Covering R-trees, R-free groups, and dendrites

TL;DR

This paper establishes a universal covering theory for length spaces using R-trees, introducing URL-maps, and explores specific cases including manifolds, fractals, and the Hawaiian earring, with implications for group actions on R-trees.

Contribution

It introduces the concept of URL-maps as generalized coverings for length spaces and characterizes the universal R-tree covering, extending group action examples to new spaces.

Findings

Every length space is an orbit space of an R-tree via a free isometric action.

The universal R-tree for certain spaces has valency of continuum at each point.

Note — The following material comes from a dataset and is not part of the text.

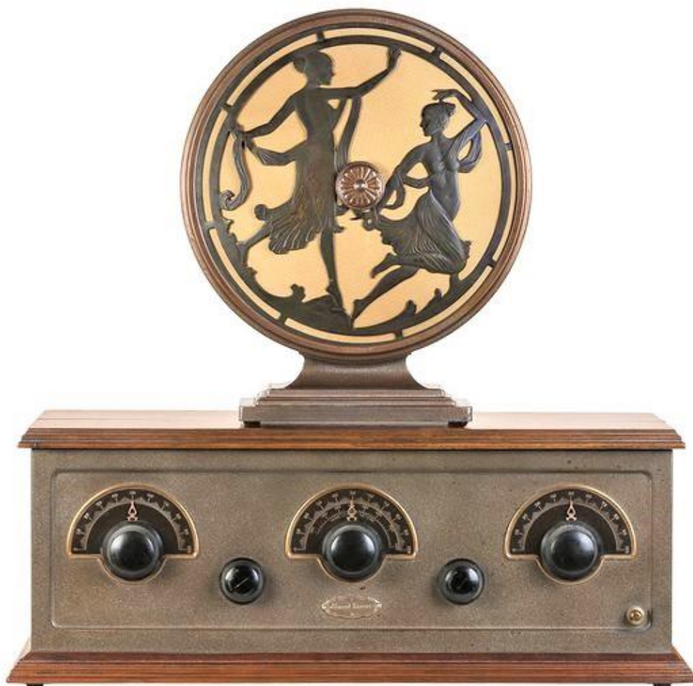
1925 Stewart Warner Model 300 Radio
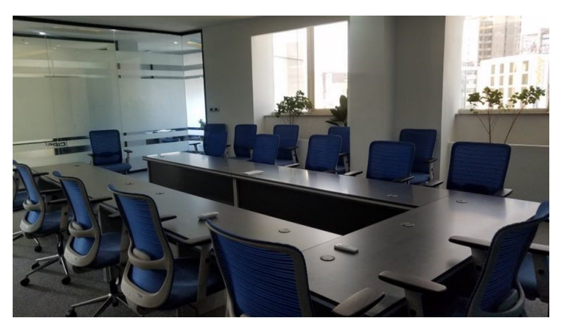
CIPE Civic Engagement Hub in Ethiopia

Provides new examples of group actions on R-trees, answering open questions.

Abstract

We prove that every length space X is the orbit space (with the quotient metric) of an R-tree T via a free action of a locally free subgroup G(X) of isometries of X. The mapping f:T->X is a kind of generalized covering map called a URL-map and is universal among URL-maps onto X. T is the unique R-tree admitting a URL-map onto X. When X is a complete Riemannian manifold M of dimension n>1, the Menger sponge, the Sierpin'ski carpet or gasket, T is isometric to the so-called "universal" R-tree A_{c}, which has valency equal to the cardinality of the continuum at each point. In these cases, and when X is the Hawaiian earring H, the action of G(X) on T gives examples in addition to those of Dunwoody and Zastrow that negatively answer a question of J. W. Morgan about group actions on R-trees. Indeed, for one length metric on H, we obtain precisely Zastrow's example.